Of course it could be dangerous - side-effects in copy constructors occur if and only if the object is actually copied, and you should design them accordingly: the standard says copies can be elided, so don't put code in a copy constructor unless you're happy for it to be elided under the conditions defined in 12.8/15:
MyObject(const MyObject &other) {
std::cout << "copy " << (void*)(&other) << " to " << (void*)this << "\n"; // OK
std::cout << "object returned from function\n"; // dangerous: if the copy is
// elided then an object will be returned but you won't see the message.
}
C++ explicitly allows several optimizations involving the copy constructor that actually change the semantics of the program. (This is in contrast with most optimizations, which do not affect the semantics of the program). In particular, there are several cases where the compiler is allowed to re-use an existing object, rather than copying one, if it knows that the existing object will become unreachable.
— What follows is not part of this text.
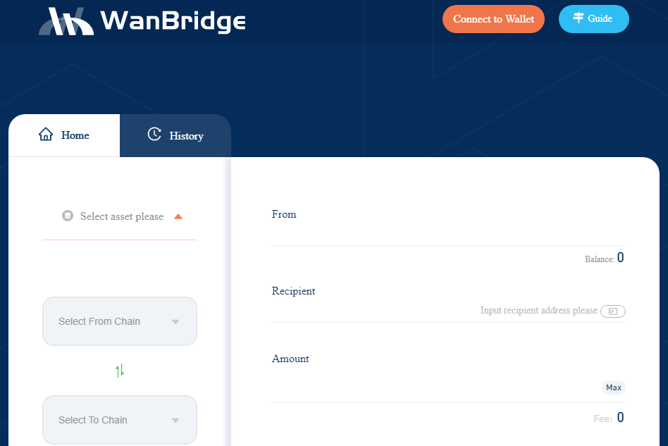 Before completing decentralized crosschain transactions using WanBridge Web, you need to ensure you have access to the correct wallet(s). You must have wallets for each network involved in the crosschain transaction. In other words, if you are moving $BTC from Bitcoin to Ethereum, you need to use Bitcoin and Ethereum wallets. Similarly, if you are moving $LTC from Wanchain to Moonriver, you need Wanchain- and Moonriver-compatible wallets. Click “Select asset please” on the left side of the terminal. Select the asset you want to move crosschain from one blockchain network to another. Click “Select From Chain” and select the origin chain. Click “Select To Chain” and select the destination chain. Click “Connect to Wallet” in the top right corner of the window. When connecting Metamask for the first time, you will need to click connect in the Metamask pop-up window. Your Ethereum wallet address will now be connected to WanBridge Web. Your ETH balance should also be visible.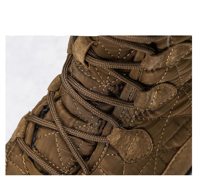Paire de bottes kaki fourrées sur de la neige

This (copy construction) is one such case; another similar case is the "return value optimization" (RVO), where if you declare the variable that holds the return value of a function, then C++ can choose to allocate that on the frame of the caller, so that it doesn't need to copy it back to the caller when the function completes.
In general, in C++, you are playing with fire if you define a copy constructor that has side effects or does anything other than just copying.
In any compiler, syntax [and semantic] analysis process are done prior to the code optimization process.
The code must be syntactically valid otherwise it won't even compile. Its only in the later phase (i.e code optimization) that the compiler decides to elide the temporary that it creates.
So you need an accessible copy c-tor.
Here you can find this (with your comment ;)):
[the standard] also says that the temporary copy
can be elided, but the semantic
constraints (eg. accessibility) of the
copy constructor still have to be
checked.
RVO and NRVO, buddy. Perfectly good case of copy ellision.
This is an optimization by the compiler.
In evaluating: A a = 10; instead of:
first constructing a temporary object through A(int);
constructing a through the copy constructor and passing in the temporary;
the compiler will simply construct a using A(int).